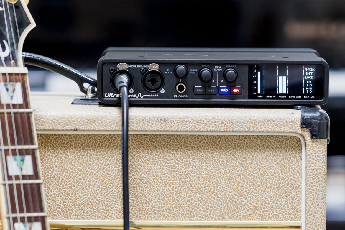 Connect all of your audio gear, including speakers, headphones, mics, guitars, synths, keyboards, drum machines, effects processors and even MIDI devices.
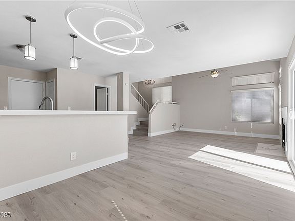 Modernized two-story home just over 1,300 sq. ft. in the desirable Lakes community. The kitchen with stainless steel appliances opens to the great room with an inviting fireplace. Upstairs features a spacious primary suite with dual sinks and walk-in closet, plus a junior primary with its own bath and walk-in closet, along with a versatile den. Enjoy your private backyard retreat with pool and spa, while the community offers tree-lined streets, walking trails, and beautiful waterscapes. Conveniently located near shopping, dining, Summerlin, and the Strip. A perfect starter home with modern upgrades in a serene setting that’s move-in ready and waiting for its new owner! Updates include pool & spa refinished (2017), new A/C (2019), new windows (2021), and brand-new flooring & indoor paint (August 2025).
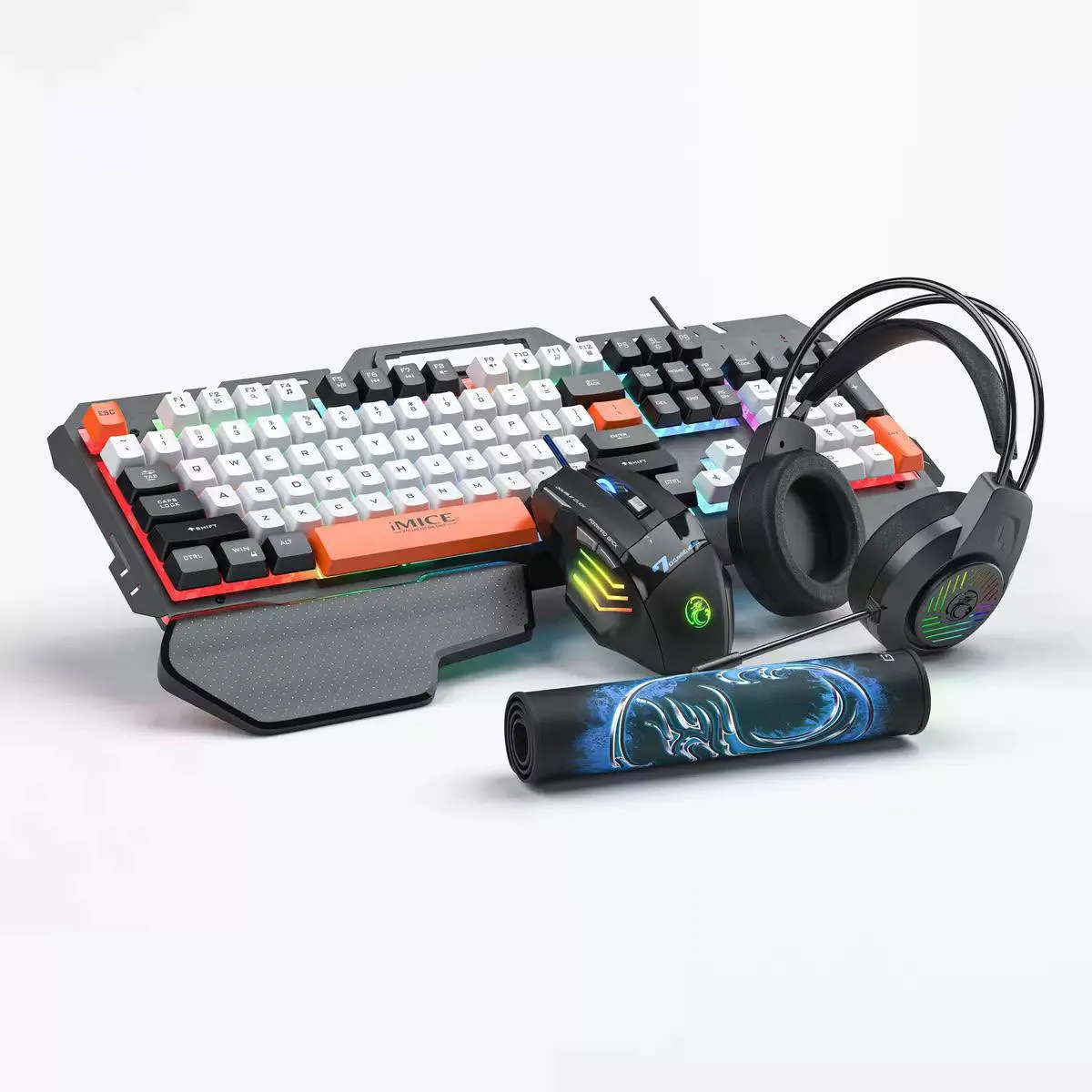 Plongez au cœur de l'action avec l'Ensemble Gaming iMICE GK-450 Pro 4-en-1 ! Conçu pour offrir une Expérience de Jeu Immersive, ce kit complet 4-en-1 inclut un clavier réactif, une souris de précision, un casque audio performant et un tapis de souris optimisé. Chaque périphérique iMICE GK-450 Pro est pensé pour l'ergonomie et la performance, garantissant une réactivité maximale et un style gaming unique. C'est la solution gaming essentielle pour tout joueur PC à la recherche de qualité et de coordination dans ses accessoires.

• • •

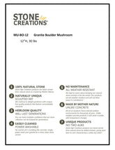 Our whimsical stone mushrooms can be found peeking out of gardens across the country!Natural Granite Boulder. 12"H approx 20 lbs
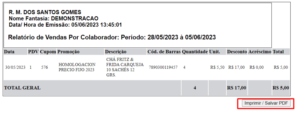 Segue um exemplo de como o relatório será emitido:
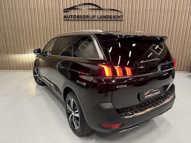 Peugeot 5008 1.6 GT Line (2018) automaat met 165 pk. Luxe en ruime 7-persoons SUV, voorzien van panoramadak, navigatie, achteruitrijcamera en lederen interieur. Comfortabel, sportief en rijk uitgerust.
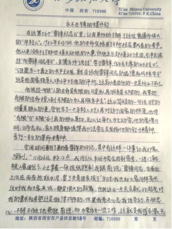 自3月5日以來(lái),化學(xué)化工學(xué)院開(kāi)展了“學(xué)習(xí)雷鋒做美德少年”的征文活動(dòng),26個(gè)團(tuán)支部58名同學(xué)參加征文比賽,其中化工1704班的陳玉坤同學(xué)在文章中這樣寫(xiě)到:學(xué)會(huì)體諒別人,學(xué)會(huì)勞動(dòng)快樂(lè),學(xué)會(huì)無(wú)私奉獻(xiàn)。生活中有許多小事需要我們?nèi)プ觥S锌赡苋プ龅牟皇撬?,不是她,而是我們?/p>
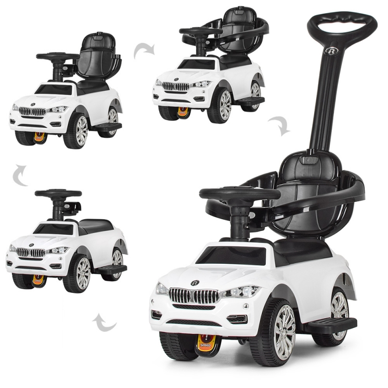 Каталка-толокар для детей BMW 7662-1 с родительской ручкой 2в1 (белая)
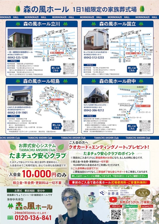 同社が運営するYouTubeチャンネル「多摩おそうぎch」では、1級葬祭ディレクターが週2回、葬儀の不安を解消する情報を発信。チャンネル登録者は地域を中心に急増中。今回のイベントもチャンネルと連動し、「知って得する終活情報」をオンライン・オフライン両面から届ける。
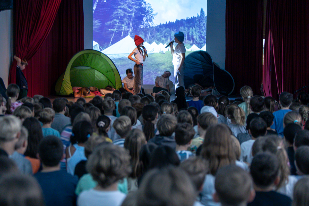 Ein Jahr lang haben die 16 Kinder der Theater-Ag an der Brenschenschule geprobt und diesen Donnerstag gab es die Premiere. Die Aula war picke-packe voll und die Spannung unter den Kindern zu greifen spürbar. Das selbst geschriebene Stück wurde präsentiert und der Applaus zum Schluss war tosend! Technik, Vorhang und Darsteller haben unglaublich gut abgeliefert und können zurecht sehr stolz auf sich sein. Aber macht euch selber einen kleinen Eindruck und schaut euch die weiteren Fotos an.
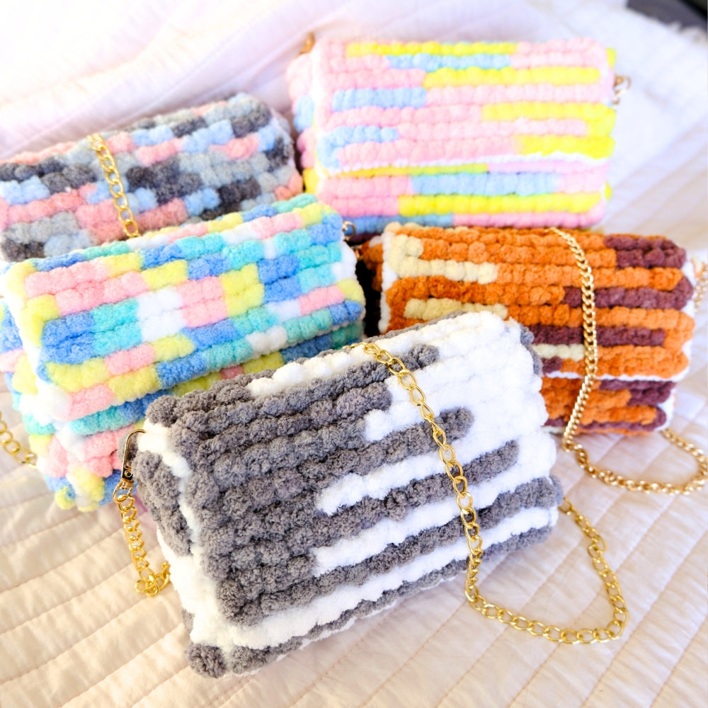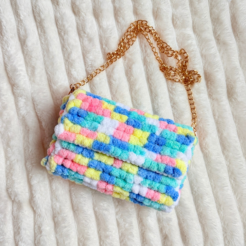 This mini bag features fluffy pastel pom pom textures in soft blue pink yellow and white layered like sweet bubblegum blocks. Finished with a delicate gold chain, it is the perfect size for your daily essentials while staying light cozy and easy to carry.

• • •

◆ **What is required**: Nothing but the lines above from the line with "Ein Jahr lang" up to and including the line with "This mini bag" should be returned, exactly as written and without pictures.

◆ **Written response**:
 Ein Jahr lang haben die 16 Kinder der Theater-Ag an der Brenschenschule geprobt und diesen Donnerstag gab es die Premiere. Die Aula war picke-packe voll und die Spannung unter den Kindern zu greifen spürbar. Das selbst geschriebene Stück wurde präsentiert und der Applaus zum Schluss war tosend! Technik, Vorhang und Darsteller haben unglaublich gut abgeliefert und können zurecht sehr stolz auf sich sein. Aber macht euch selber einen kleinen Eindruck und schaut euch die weiteren Fotos an.
 This mini bag features fluffy pastel pom pom textures in soft blue pink yellow and white layered like sweet bubblegum blocks. Finished with a delicate gold chain, it is the perfect size for your daily essentials while staying light cozy and easy to carry.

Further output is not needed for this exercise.